Now, we have to find compound interest for Re. 1. For Rs. 10000, th compound interest is Rs. 4026
For the principal Re. 1, the compound interest is = 4026/10000 = 0.4026
From the ready recknors 0.4026 corresponds to 5 years.
Therefore, n = 5.
(b) Amount RS 16939.2 principal RS 12000 at 9% p.a.
We have A = Rs. 16939.2
P = 12000
R = 9
Compound interest = A – P = 16939.2 – 12000 = 4939.2
Thus, Rs. 4939.2 is the compound interest for the principal of Rs. 12000 at 9%.

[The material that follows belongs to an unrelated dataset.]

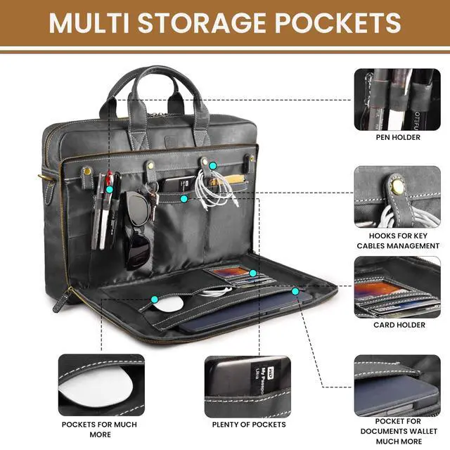 PREMIUM AGING LEATHER: Crafted from top quality full grain hide that softens and develops character over time. Reinforced stitching and durable hardware provide long lasting reliability for daily professional use.
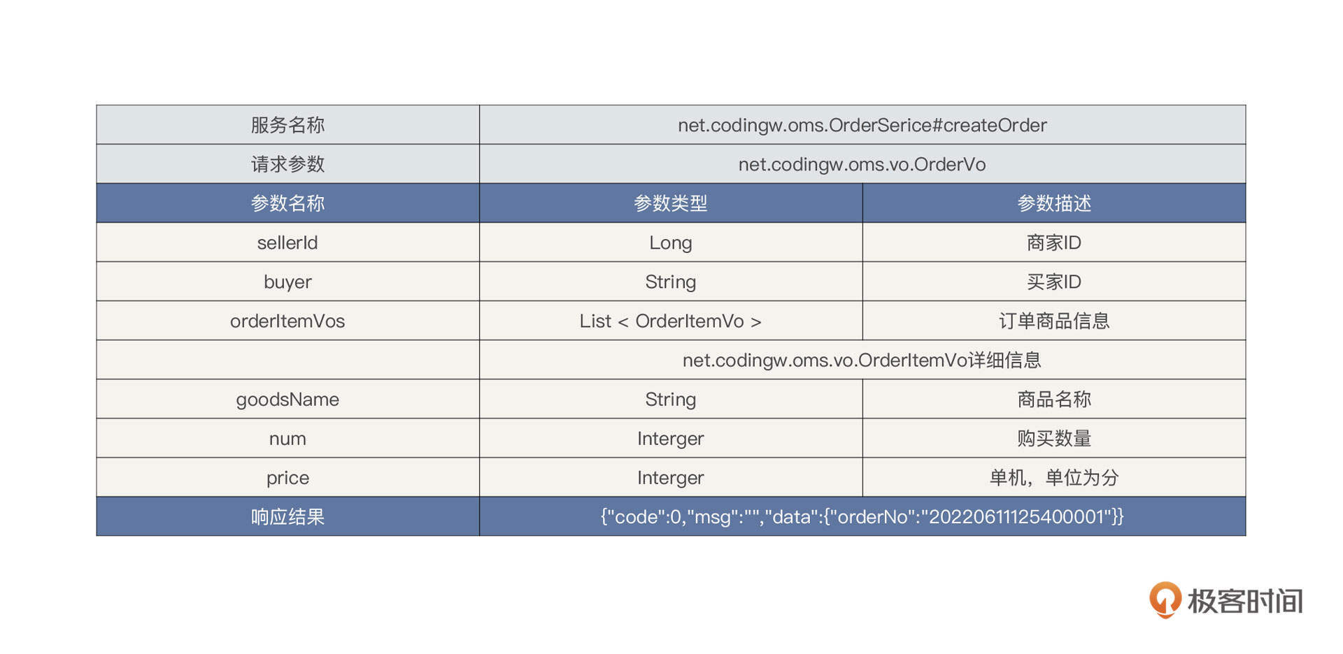 物流公司内部已经基于Dubbo构建了订单中心微服务域,其中创建订单接口的定义如下:

Now, we have to find compound interest for Re. 1. For Rs. 12000, the compound interest is Rs. 4939.2
For the principal Re. 1, the compound interest is = 4939.2/12000 =0.4116
From the ready recknors 0.4116 corresponds to 4 years.
Therefore, n = 4.
- Using the ready recknors ,Find the rate of interest in the following :
(a) Compound interest RS 1733.6 for 3 years on principal of RS 11000
(b) Amount RS 35246 principal SR 20000 for 5 years .
Solution :
(a) Compound interest = Rs. 1733.6
n = 3
P = Rs. 11000
Thus, Rs. 4939.2 is the compound interest for the principal of Rs. 12000 at 9%.

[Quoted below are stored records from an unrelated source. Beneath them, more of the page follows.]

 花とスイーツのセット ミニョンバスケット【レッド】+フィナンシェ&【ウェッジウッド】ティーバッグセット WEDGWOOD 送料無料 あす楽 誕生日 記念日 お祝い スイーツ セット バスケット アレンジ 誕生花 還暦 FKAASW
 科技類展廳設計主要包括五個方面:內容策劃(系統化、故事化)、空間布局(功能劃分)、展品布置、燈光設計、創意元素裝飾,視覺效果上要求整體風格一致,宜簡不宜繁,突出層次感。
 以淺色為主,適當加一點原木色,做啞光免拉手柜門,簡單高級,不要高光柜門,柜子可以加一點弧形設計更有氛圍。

Now, we have to find compound interest for Re. 1. For Rs. 11000, the compound interest is Rs. 1733.6
For the principal Re. 1, the compound interest is = 1733.6 /11000 = 0.1576
From the ready recknors 0.1576 corresponds to 5%
Therefore the rate of interest is 5%.
(b)
Amount = Rs. 35246
P = Rs. 20000
n = 5
Compound interest = A – P = 35246 – 20000 = 15246
Now, we have to find compound interest for Re. 1. For Rs. 20000, the compound interest is Rs. 15246
For the principal Re. 1, the compound interest is = 15246 /20000 = 0.7623
From the ready recknors 0.7623 corresponds to 12%
Therefore the rate of interest is 12%.